The Democratic Party understands their uphill battle, though. The Democratic Senatorial Campaign Committee is focusing on mobilizing voters through data-driven tactics, like targeted emailing, focus on particular communities based on historical trends, and strategic placement of television advertisements. “Campaigns are realizing that the smartest way to win the next vote is by mobilizing a nonvoter than by trying to win over a voter,” said Sasha Issenberg, who wrote “The Victory Lab: The Secret Science of Winning Campaigns.”

Descriptions of voter turnout of these demographics are broad, they’re a snapshot, and they don’t do much to tell us why certain groups of people are less likely to turn up to vote in Midterm elections.

Social science is making progress in this area, though. A political scientist at Caltech attempted to understand why minorities are less likely to vote by way of extensive surveying of 10,000 registered voters. The study showed that minorities experience Election Day differently than whites. Minorities are more likely to have to wait longer in line, and are very notably asked to show a picture ID more often than whites: 70% of African American voters, 65% of Hispanic voters, and about 50% of White voters were asked to supply ID. These problems may seem inconsequential, but they prove to be higher hurdles for minorities than for whites. Hourly-paid positions are more likely to be filled by minority workers. Workers in hourly paid positions have a harder time and are monetarily penalized for missing work, as opposed to salaried employees. Minorities are more likely than whites to be poor and live in urban areas, making them less likely to drive, and therefore less likely to have drivers’ licenses. For example, in Wisconsin only 43% of Hispanic adults have valid drivers licenses as compared to 85% of White adults.

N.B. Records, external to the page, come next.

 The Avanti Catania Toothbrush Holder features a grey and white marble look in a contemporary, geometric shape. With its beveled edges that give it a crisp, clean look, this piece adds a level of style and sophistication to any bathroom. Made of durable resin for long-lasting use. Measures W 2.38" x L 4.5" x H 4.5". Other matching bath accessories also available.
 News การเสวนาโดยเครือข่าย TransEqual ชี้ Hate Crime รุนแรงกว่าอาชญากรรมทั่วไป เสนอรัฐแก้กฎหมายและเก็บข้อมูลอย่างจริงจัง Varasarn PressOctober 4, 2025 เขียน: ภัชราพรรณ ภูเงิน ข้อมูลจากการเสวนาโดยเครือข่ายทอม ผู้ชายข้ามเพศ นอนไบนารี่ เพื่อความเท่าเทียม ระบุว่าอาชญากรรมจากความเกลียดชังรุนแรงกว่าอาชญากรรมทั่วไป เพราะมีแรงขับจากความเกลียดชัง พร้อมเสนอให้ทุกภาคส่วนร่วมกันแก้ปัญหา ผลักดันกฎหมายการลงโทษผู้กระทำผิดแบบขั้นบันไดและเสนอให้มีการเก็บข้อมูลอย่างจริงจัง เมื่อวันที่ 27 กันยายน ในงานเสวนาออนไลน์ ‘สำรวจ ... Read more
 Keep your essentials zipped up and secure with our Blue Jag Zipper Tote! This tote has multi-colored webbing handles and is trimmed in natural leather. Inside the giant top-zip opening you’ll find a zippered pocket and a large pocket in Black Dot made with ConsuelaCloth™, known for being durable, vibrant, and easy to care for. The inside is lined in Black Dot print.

White adults who don’t vote are much more likely to report that they didn’t vote by choice. Minorities and other underrepresented groups, like single mothers, are much more likely to reference logistical issues: they have a hard time getting to the polls, don’t have flexible schedules that allow them to wait in line for extensive amounts of time, and have more identification issues.

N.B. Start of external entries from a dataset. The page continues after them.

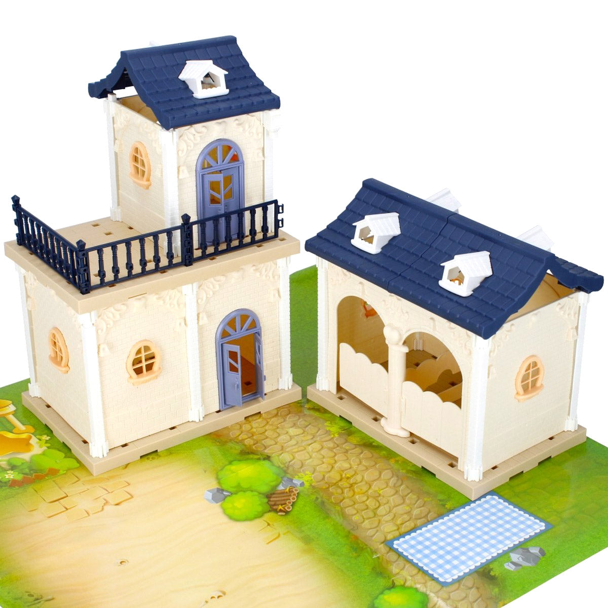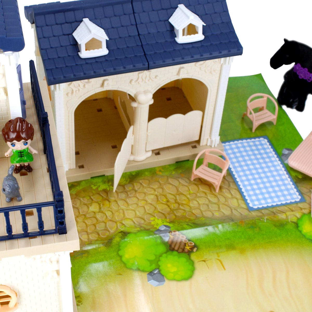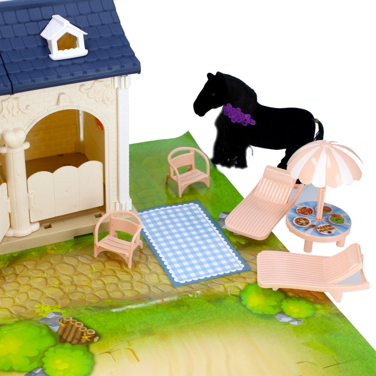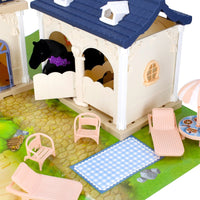La Villa comprend une écurie pour grands et petits chevaux, mais contient également d'autres gentils animaux de compagnie tels que des chats et un chien, une terrasse avec barbecue et bien sûr divers personnages.
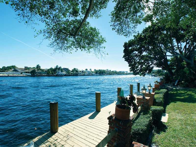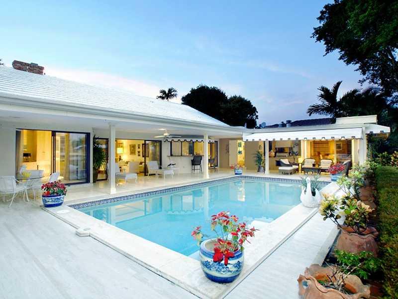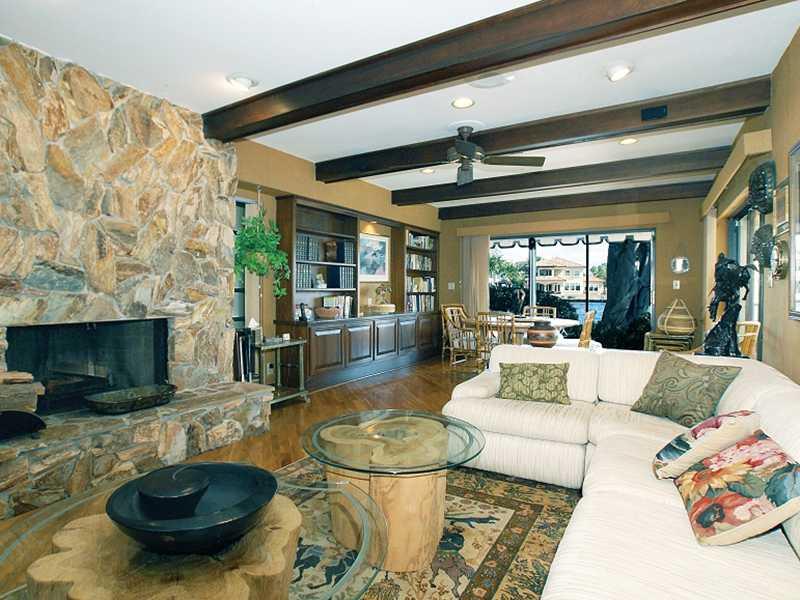 Direct Intracoastal home with 100 ft frontage. Herringbone-patterned parquet floors and 9±-foot ceiling with wormy chestnut beams & dentil moldings. Tile-floored kitchen has granite counters & full appliances including Bosch dishwasher & GE Profile range. Family room features a massive floor-to-ceiling wood-burning stone fireplace, beamed ceiling, oak flooring. Master bath is marble-encased with a separate tub and shower plus a double vanity. Marble pool patio & lanai with summer kitchen.
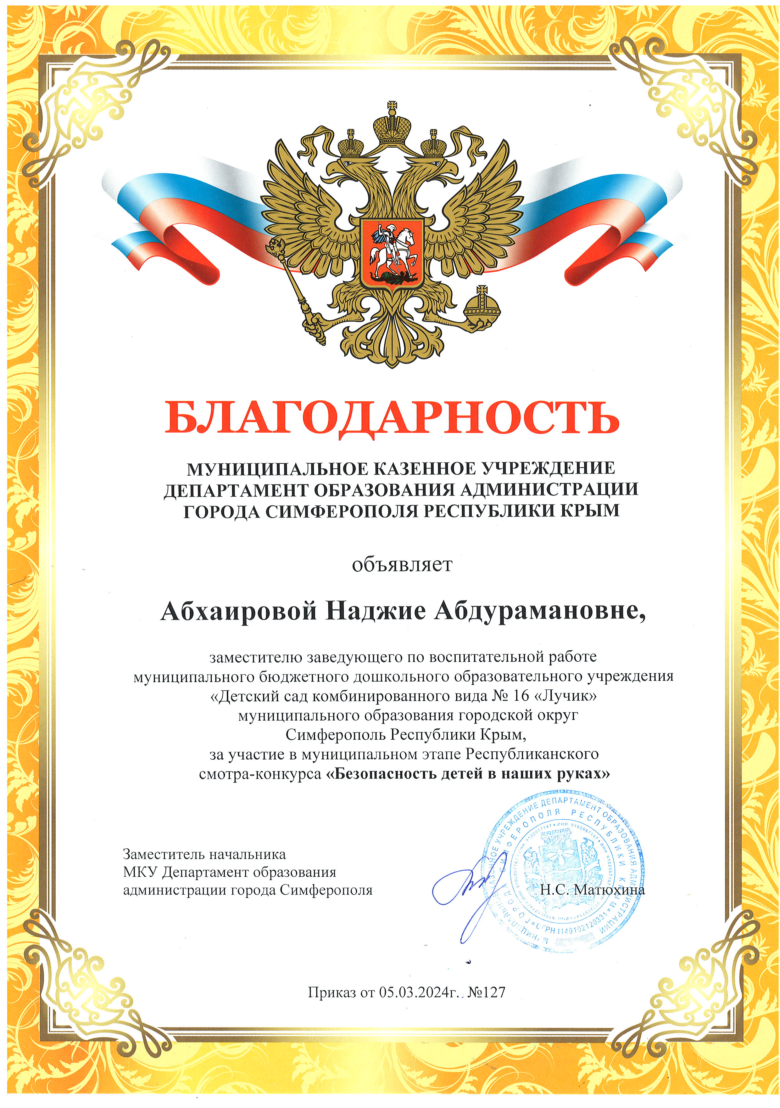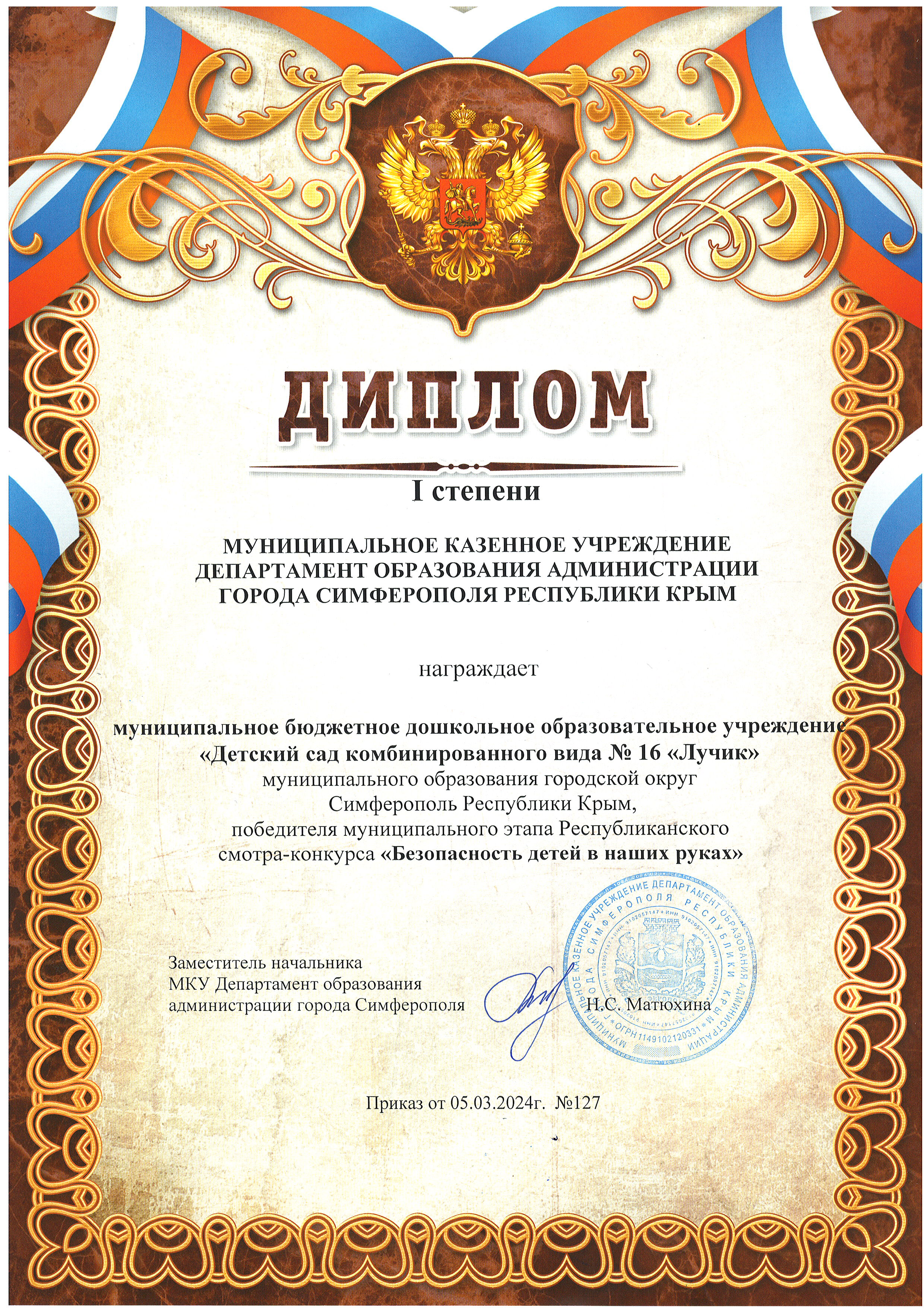 Благодарность и Дипломы за участие в муниципальном этапе Республиканского смотра-конкурса "Безопасность детей в наших руках"

The Democratic Party needs to find a way to get minorities and other underrepresented populations to show up to the polls for midterm elections. These significant voting blocks can secure seats in Congress for the Democrats, but only if they are able to clear the hurdles standing between them and the voting booth. Last summer’ Supreme Court decision regarding the Voting Rights Act has allowed states to put in place even more strict voting laws, which could pose even more challenges for minorities and those who wish to represent them. At this point, Democrats need to find a way to overwhelm the obstacles facing underrepresented voters in order to control as many Congressional seats as possible and maintain an influential position in the federal legislature.

The logistical barriers between underrepresented voters and their polling locations is disturbing to say the least– the largely voiceless and marginalized populations are having a difficult time acting upon their political views in the most fundamental way. Democrats ought to be concerned logistically, as these voting blocks make up a key component of their consistent voters, but all Americans should be deeply unnerved by the fact that not all opinions are being heard as they should. Our government is built upon a respect and concern for all American citizens, not just the ones who can easily make it to the polls.